The Chicken Bus to Chichicastenango Market
And yes, we went to Chichi, or Chichicastenango, the biggest market in Central America, where everyone goes to buy anything Guatemalan, even if you're Guatemalan yourself! This place is sort of like the Grand Canyon of markets. Every Sunday, hundreds and hundreds of vendors descend on the town center and set up their stalls, selling largely textiles, but also artisanias, Mayan "artifacts", fruits and vegetables, dry goods and tourist junk. And thousands of people come to buy; lots of tourists, Central and North American and overseas, wholesale buyers, both local and for export, and locals as well. The pace is furious, the pressure is intense, and it's a hard place to tear yourself away from. Bring lots of money, and bargain hard! We took the chicken bus both ways from Panajachel to Chichi. It was worth the trip by itself to witness the skill of those drivers on the mountain roads, aided by the display of prayers and patron saints around their seats. It made us nervous, though, to see our driver cross himself before starting down a particularly steep and windy stretch of road. Their conductors are equally amazing, scaling up to the top of the bus at a stop to retrieve a bundle for a passenger, jumping onto the ladder as the bus pulls away, crawling along the roof to the front, and swinging back down into the open door and all the while remembering who has and who hasn't paid, and who needs how much change. These are old American schoolbuses designed for maybe 60 kids now carrying maybe 120 adults, plus kids and a few babies, and baggage on the roof. The other passengers were just as interesting, mostly Mayan men and women in their traditional clothing, a different weave for every town. We enjoyed being packed in among these folks for a few hours, having the chance to see so many beautiful, open faces up close, listening to the music of their voices.
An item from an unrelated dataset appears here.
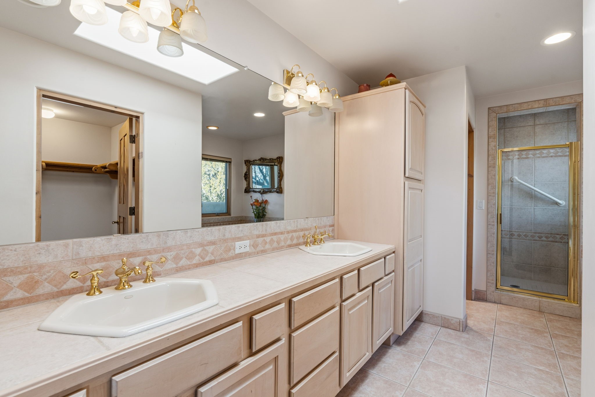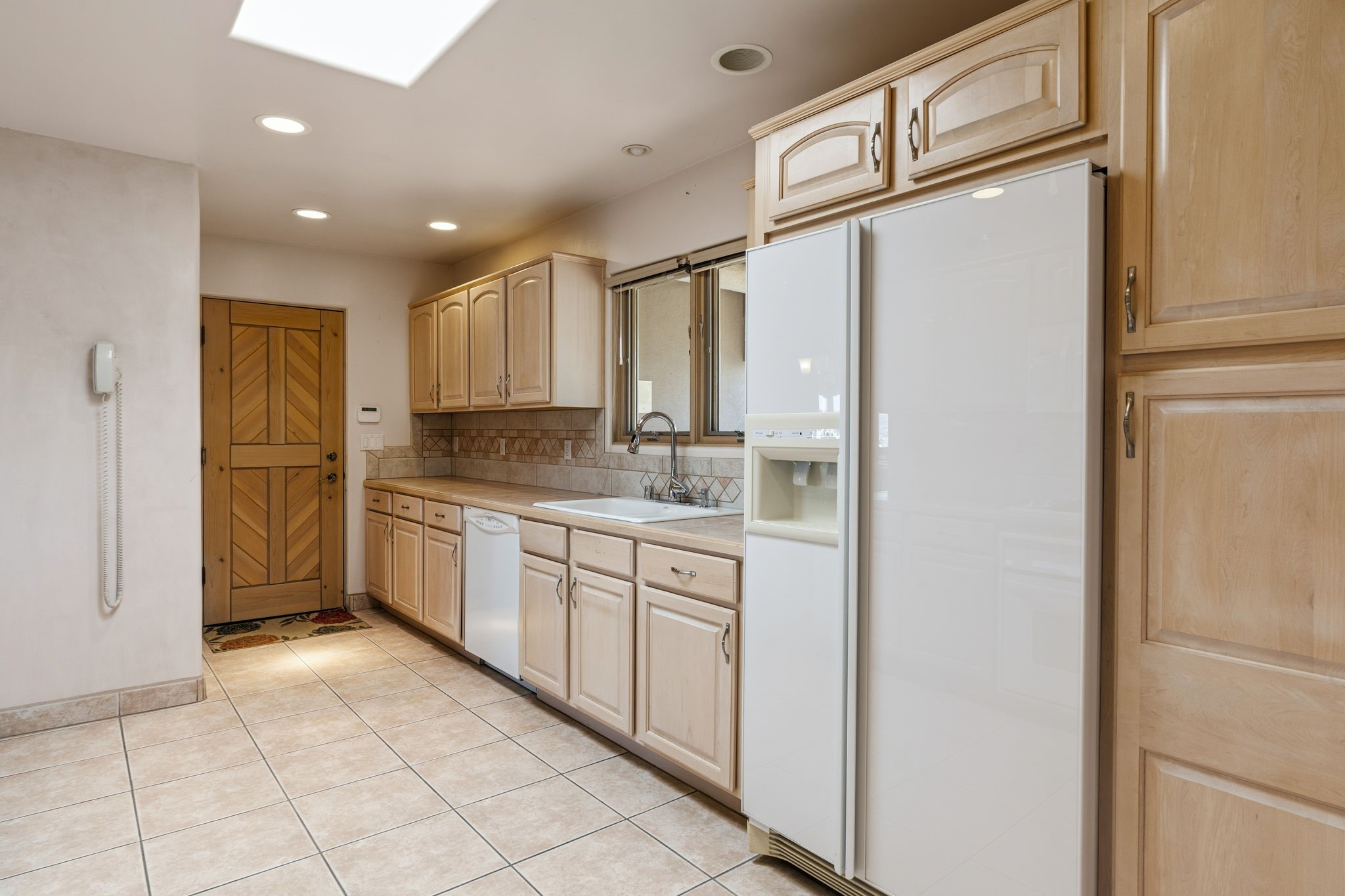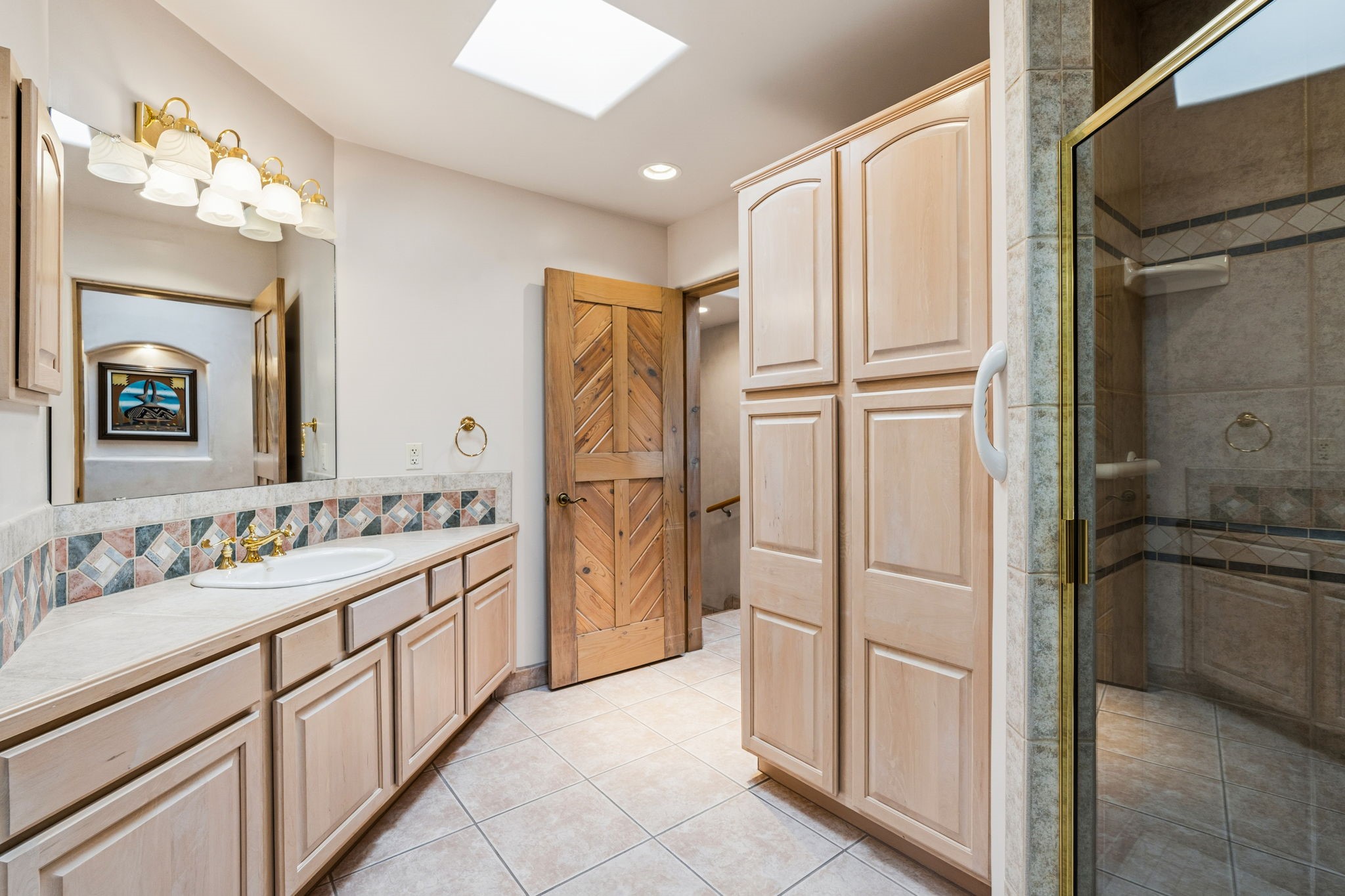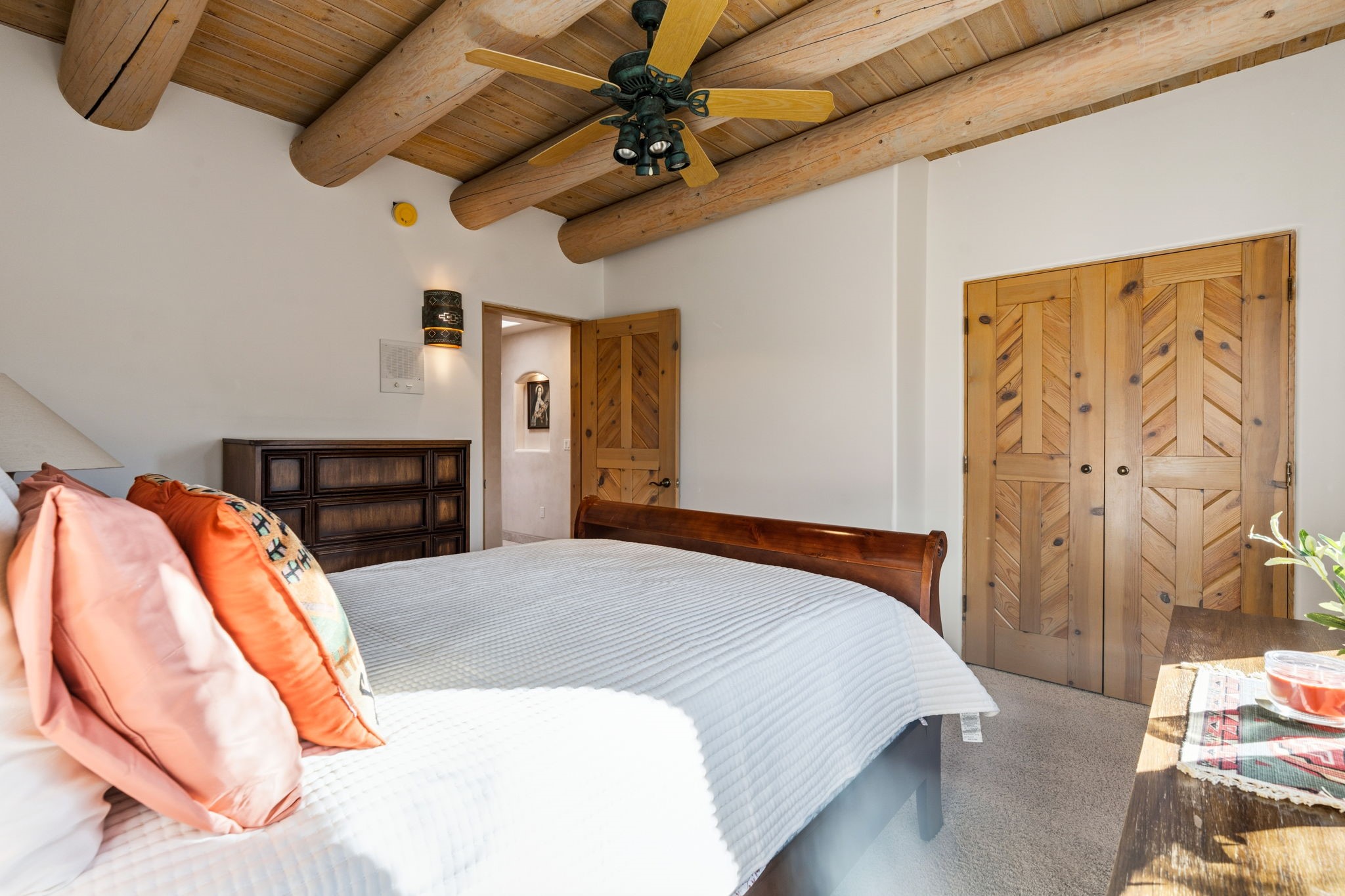Perched atop a 1.51 acre ridgetop lot overlooking the sparkling lights of Santa Fe and views of the majestic Sangre de Cristo mountain range, this stunning Pueblo style residence captures the best of northern New Mexico living. Thoughtfully crafted with exquisite attention to detail and enhanced by recent upgrades, this 3-bedroom 2.5 bath home offers both timeless elegance and modern comfort. Step inside to discover diamond finish plastered interior walls, blue spruce tongue and groove ceilings with vigas, hand carved pine beams, and warm Italian tile floors that flow throughout the light filled interior. The spacious living room is graced by soaring 12-foot-high ceilings and a traditional kiva fireplace that opens to a formal dining room showcasing spectacular views. The chef's kitchen features custom maple cabinetry, built in appliances including a cooktop, oven and microwave, recessed lighting and Italian tile countertops is perfect for entertaining or quiet evenings at home. The primary suite offers serene privacy with dual sinks, a linen closet and a luxurious whirlpool tub while each closet in the house boasts custom built shelving. Distinctive architectural touches such as wood carved beams, lighted niches, copper wall sconces and pendants, solid brass bathroom fixtures, and knotty pine doors add rich texture and authenticity throughout. Enjoy the ambiance of two kiva fireplaces including one in the main living area and one on the covered outdoor patio. Outside, beautifully designed front and rear walled courtyards frame a fully landscaped yard accented with colorful shrubs, mature trees and lush grass nourished by a full sprinkler and drip irrigation system. Expansive covered brick porches provide the perfect space to relax and soak in sunset vistas. Additional highlights include new exterior stucco, aluminum wood clad Pella windows and exterior doors, a central radio and intercom system, custom wrought iron security screen doors, a new front gate, a finished and insulated 2 car garage with a cedar door, and numerous skylights that invite natural light into every space. Excellent midtown location in the highly sought after Sierra del Sol subdivision - an area of custom homes with paved roads and easy access to all of Santa Fe's amenities. From its refined craftsmanship to its breathtaking views, 817 Camino Vistas Encantada embodies the quintessential Santa Fe lifestyle - warm, inviting and undeniably enchanting.

Most of these Mayan folks are pretty reserved, but we would catch them looking at us, too! After all, it's rather hard to ignore someone you are pressed tightly against and since it's at least three people to a seat, so six to a row, there's no aisle, and no apparent room to squeeze through. But people continue to get on and off the bus, and so it has to be done and somehow, inch by inch, people wedge themselves up and down the line. We did too. An absolutely Guatemalan experience!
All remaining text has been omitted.